Поднимаясь ступенька за ступенькой по лестнице, что вела к Луизе, он перебирал разные определения. Сцепление двух деталек лего? Слияние двух тел? Два человека, глядящих в одну сторону? И рассмеялся, подумав: «Лучший миг любви – это когда ты поднимаешься вверх по лестнице».
Луиза ждала его, сидя на кровати, положив рядом две книги.
– Не знаю, какую выбрать, Коран или «Покончить с чувством вины».
– Одна может дополнить другую. Скажи, у нас всё в порядке? Куда подевались дети?
– Знаешь, я тоже забеспокоилась. Они все отправились на чердак. И я…
Луиза рассказала, что ходила к Габену на чердак, постучалась в дверь.
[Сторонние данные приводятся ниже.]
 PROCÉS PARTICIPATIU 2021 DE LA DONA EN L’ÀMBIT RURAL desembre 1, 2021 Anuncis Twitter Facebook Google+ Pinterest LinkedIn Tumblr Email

Все четверо – он, Алиса, Лазарь и Поль – сидели кружком…
– Я не нашла ничего лучше и спросила: «А что вы делаете?» И все они, сделав большие глаза, Алиса первая, ответили: «Разговариваем!» Идея мне понравилась, – прибавила она, посмотрев на стоящую рядом с кроватью тумбочку.
– Хочешь поговорить? – спросил Спаситель. – О чем?
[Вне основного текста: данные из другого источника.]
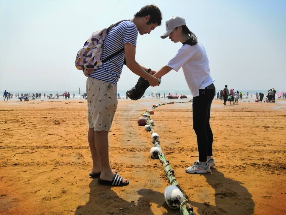 本次活动中支部成员分为两组,分别负责不同区域的垃圾清理和关于海洋保护、垃圾分类的问卷调查、采访工作。活动中,支部成员不怕晒、不怕脏、不怕累,对沙滩各个区域和卫生死角进行了垃圾的清理和分类,减轻环卫工作人员的负担;同时,面向景区的游客和环保工作人员进行了详细的问卷调查和采访,并向游客发放事先准备的垃圾袋和环保倡议书,开展环保宣传活动。

– Не знаю. Может быть, о тебе? Обо мне ты все давно знаешь. Папа умер, когда мне было десять, мама без конца выискивала во мне недостатки, я рано вышла замуж за Жерома. А ты о себе мало рассказывал. Это странно для психолога.
– Что ты имеешь в виду? – спросил Спаситель, внезапно насторожившись.
– Кто, как не ты, понимает значимость прошлого. Разве ты никогда не возвращаешься к своим воспоминаниям?
Он вздрогнул, словно Луиза взяла в руки конверт из крафтовой бумаги.
– Трудно, знаешь ли, начать.
– Начни, как в сказках: жили-были.
Спаситель посмотрел на Луизу с благодарностью. Да, именно так и надо. Пусть это будет сказочная история. И, поскольку самое важное в жизни человека чаще всего происходит еще до его рождения, Спаситель начал так:
– Жил-был в Гро-Морне батрак по имени Фефе Пасавуар. «Па савуар» – «знать не хочу, незнайка, неуч»… Такой кличкой награждали белые хозяева двести лет назад «жалких безграмотных негров». И я бы носил такую фамилию, если бы красавец Фефе признал меня. Спаситель Неуч. И тогда бы у моих пациентов было гораздо меньше иллюзий на мой счет.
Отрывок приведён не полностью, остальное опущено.